Background: The existence and role of intrinsic cholinergic cells in the cerebral cortex is controversial, because of their variable localization and morphology in different mammalian species. We have applied choline acetyltransferase (ChAT) immunocytochemistry to study the distribution of cholinergic neurons in the murine cerebral cortex, in the adult and during postnatal development. For more precise neurochemical identification of these neurons, the possible colocalization of ChAT with different markers of cortical neuronal populations has been analyzed by confocal microscopy. This method was also used to verify the relationship between cholinergic cells and cortical microvessels.

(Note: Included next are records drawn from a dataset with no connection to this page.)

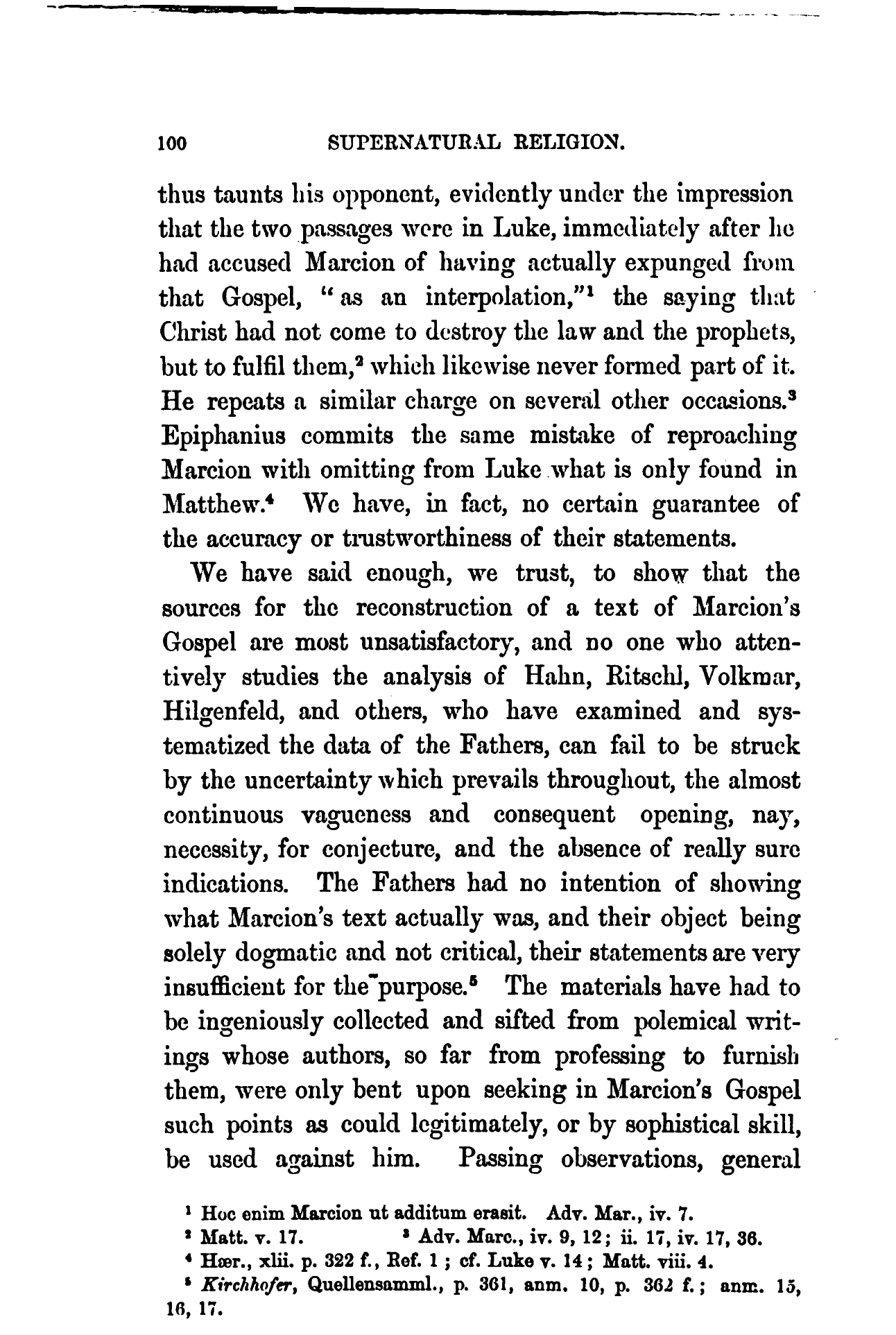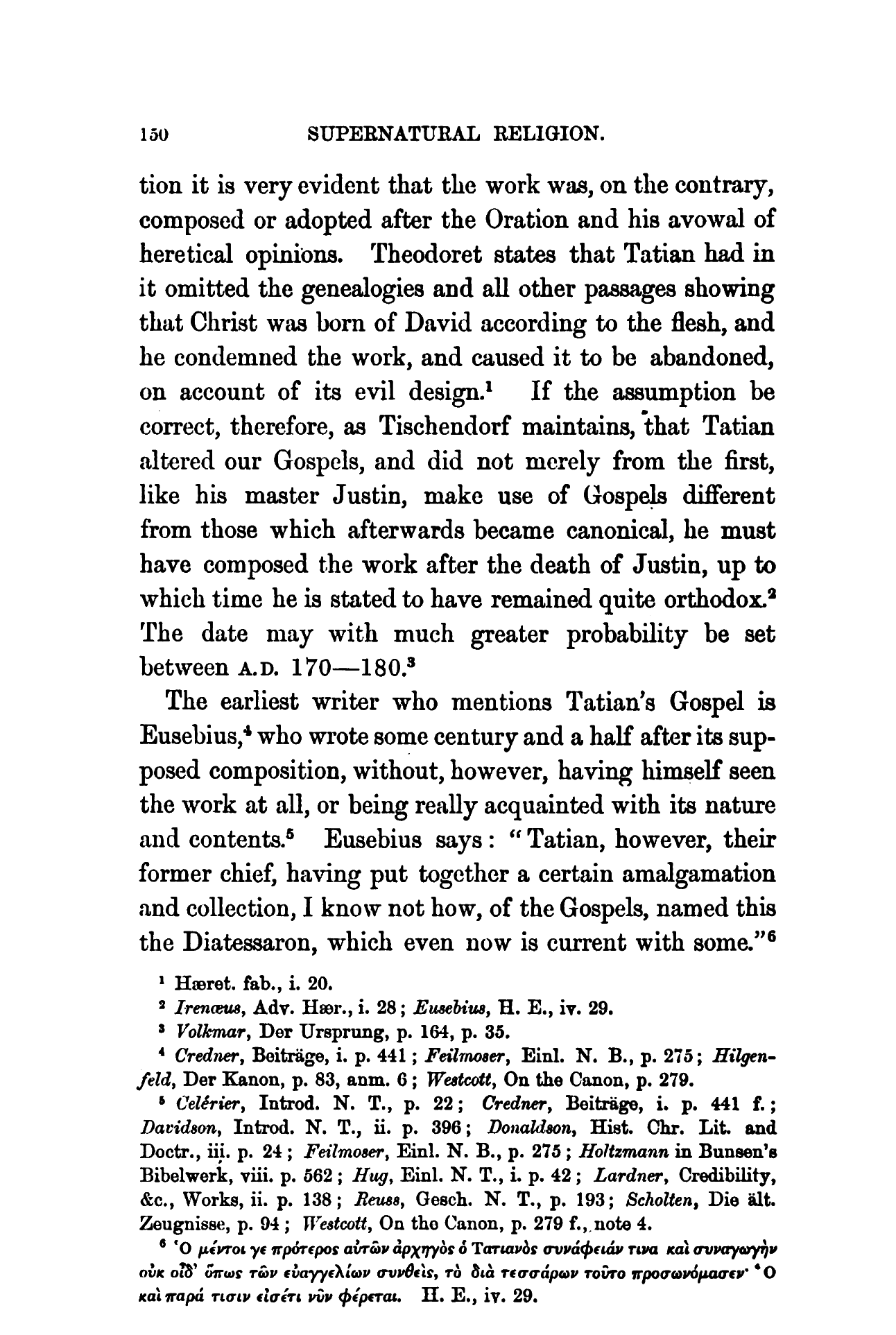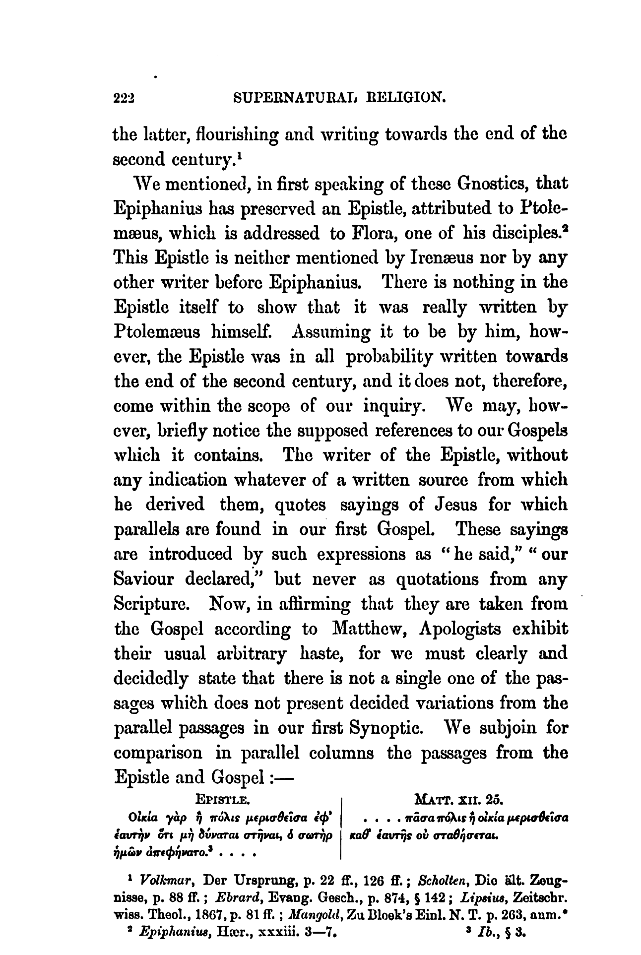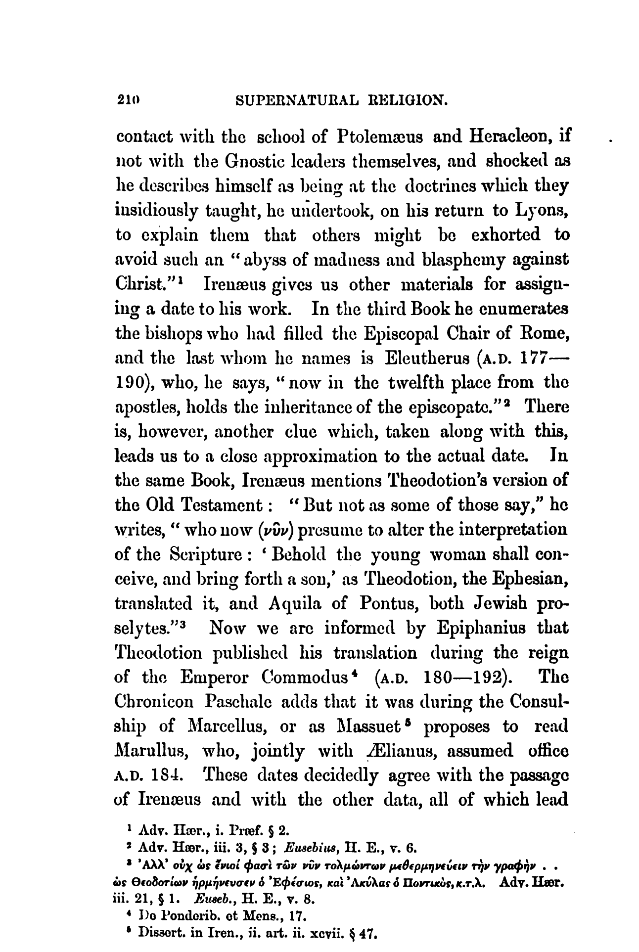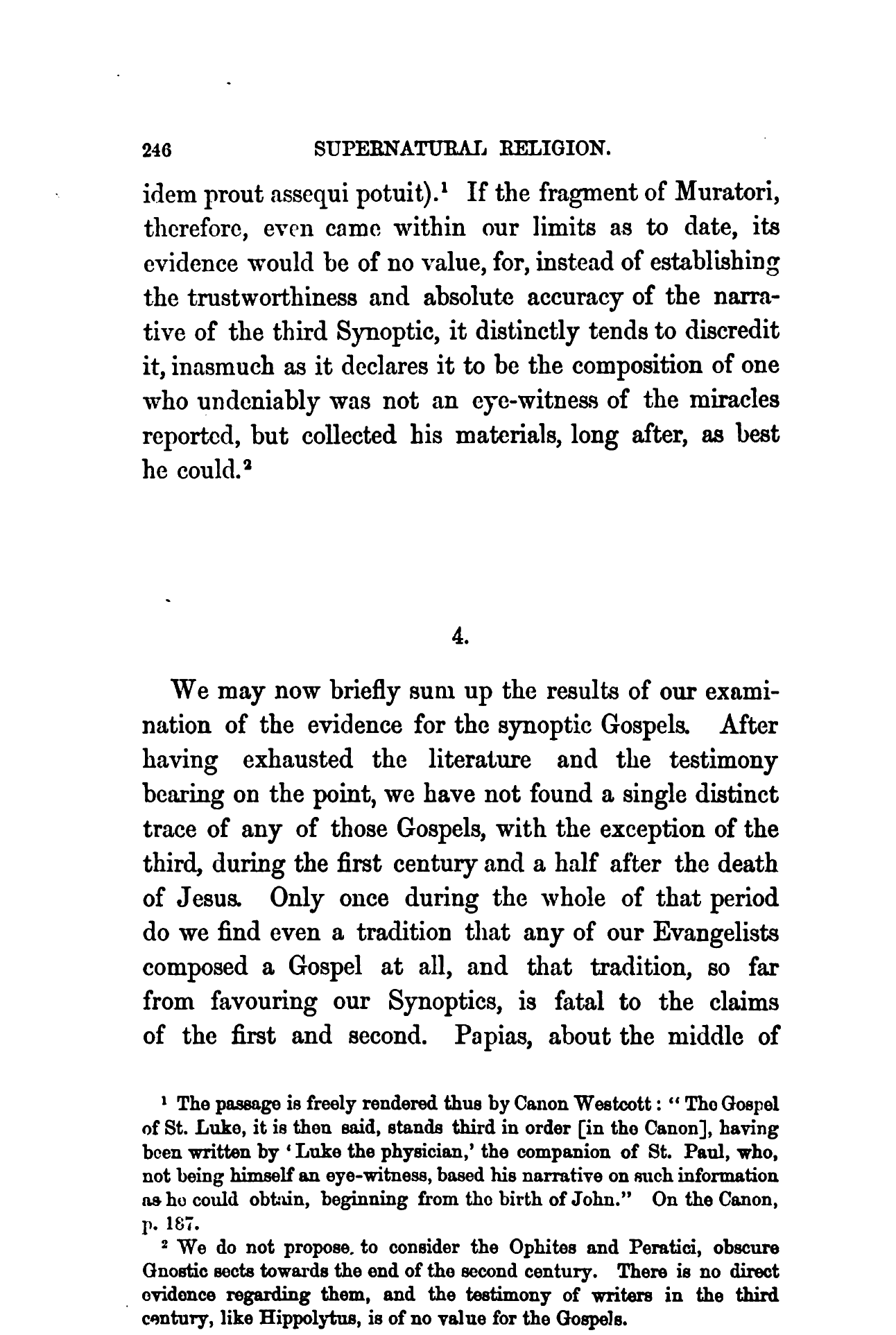 over the formation of the Canon, it is not singular that so many of the decisions of the Fathers have been reversed. Irenæus himself mentioned the existence of heretics who rejected the fourth Gospel,(1) and Epiphanius(2) refers to the Alogi, who equally denied its authenticity, but it is not needful for us further to discuss this point. Enough has been said to show that the testimony of the fourth Gospel is of no value towards establishing the truth of miracles and the reality of Divine Revelation.
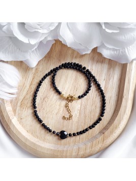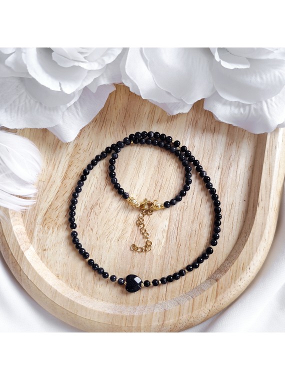 Naszyjnik z kamienia Noc Kairu z fasetowanym serduszkiem to propozycja dla osób, które lubią biżuterię o wyjątkowym charakterze.
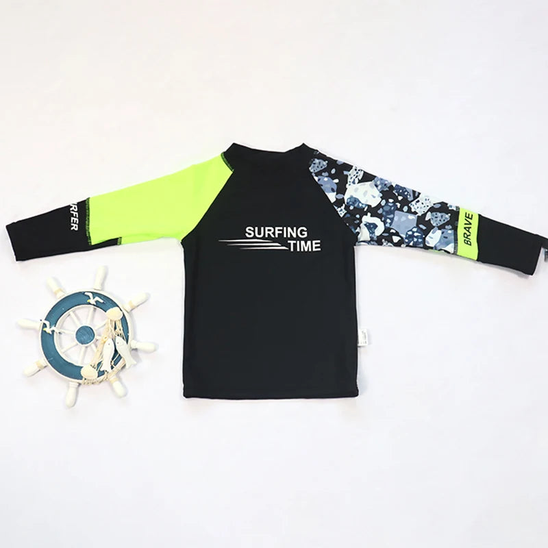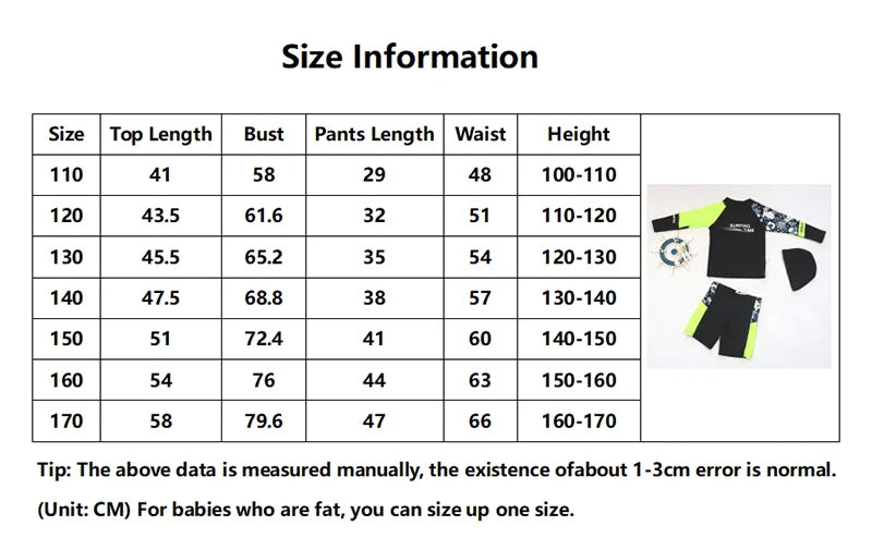 Designed with your child's comfort in mind, our swimsuit set features a pullover style with an O-neck collar for easy dressing and maximum comfort. The full sleeve design provides added coverage and protection without sacrificing mobility.

Results: ChAT positive cells appeared at the end of the first postnatal week. Their density dramatically increased at the beginning of the second postnatal week, during which it remained higher than in perinatal and adult stages. In the adult neocortex, cholinergic neurons were particularly expressed in the somatosensory area, although their density was also significant in visual and auditory areas. ChAT positive cells tended to be scarce in other regions. They were mainly localized in the supragranular layers and displayed a fusiform/bipolar morphology. The colocalization of ChAT with pyramidal neuron markers was negligible. On the other hand, more than half of the cholinergic neurons contained calretinin, but none of them expressed parvalbumin or calbindin. However, only a fraction of the ChAT positive cells during development and very few in adulthood turned out to be GABAergic, as judged from expression of GABA and its biosynthetic enzymes GAD67/65. Consistently, ChAT showed no localization with interneurons expressing green fluorescent protein under control of the GAD67 promoter in the adult neocortex. Finally, the cortical cholinergic cells often showed close association with the microvessel walls, as identified with the gliovascular marker aquaporin 4, supporting previous hypotheses on the role of cholinergic cells in modulating the cortical microcirculation.
Conclusion: Our results show that the development of the intracortical cholinergic system accompanies the cortical rearrangements during the second postnatal week, a crucial stage for the establishment of cortical cytoarchitecture and for synaptogenesis. Although intrinsic ChAT positive cells usually expressed calretinin, they displayed a variable GABAergic phenotype depending on marker and on cortical developmental stage.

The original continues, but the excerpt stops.